1 minute read
NDOT Teammates Recognized for Right of Way Process Improvements
Tom Weber, Right of Way Chief Negotiator, and Karla Smith, Right of Way Project Manager, received the Mountain Mover Award/Admiralship for making significant improvements to the process. With their leadership, deeds will be recorded in less than half the time, and work to improve or expand highway infrastructure can begin sooner.
Prior to improvements, the process was paperheavy, involved printing/copying, assembling paper forms and packets with wet signatures, and mailing via certified mail to the county offices. Once accepted by the county, NDOT was billed the recording fee and payment was required before the deed could be recorded. This took 67 steps, occasional rework when a deed was rejected, averaging 23 days.
Advertisement
Most of the process was moved to digital, eliminating printing, and completed with digital signatures. It was also discovered that nearly every county in Nebraska utilizes a cloud-based platform to receive and approve or reject deeds. This platform also calculates and submits the recording fees upfront, eliminating the external billing and payment process that adds additional time to the process. Nebraska counties under this platform average 24 hours to record deeds. Other solutions were also implemented to reduce the number of handoffs, provide additional training and cross training of staff, and focus on reduction of errors that lead to rejections and rework.
Happy Customers
“The system not only reduces process time on the state’s side; it also reduces the process time on the county’s side,” Smith said. “Our customers are also happy.”
“In addition, this process improvement created a positive ripple effect as the staff member who previously devoted time to processing recordings is now re-focusing that time to scan old paper documents to our digital archive,” Smith said. “This in turn allows other staff to access those old records directly resulting in additional time savings for NDOT staff.”

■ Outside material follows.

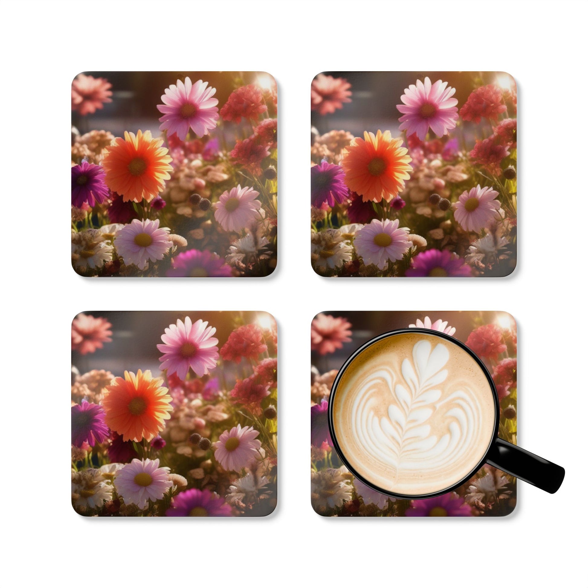 Floral Corkwood Coaster Set | Drink Coasters for Home & outdoor Decor

“Rachel Kilcoin, the process improvement coordinator for this project, really showed the merits of having the P.I. team available,” Weber said. “She kept us organized, on task, and motivated to see it through to completion.”
Smith concurred. “With any change in process, a few barriers arise. Rachel broke down those barriers. Our staff would never have had the time or patience to work through those obstacles without her.”
The COE Summit convenes leaders, change agents, and decision-makers from across the state to discuss the opportunities to build on successes with the COE. It provides a unique chance for leaders who share a passion for continuous improvement to get together in the same room to exchange ideas.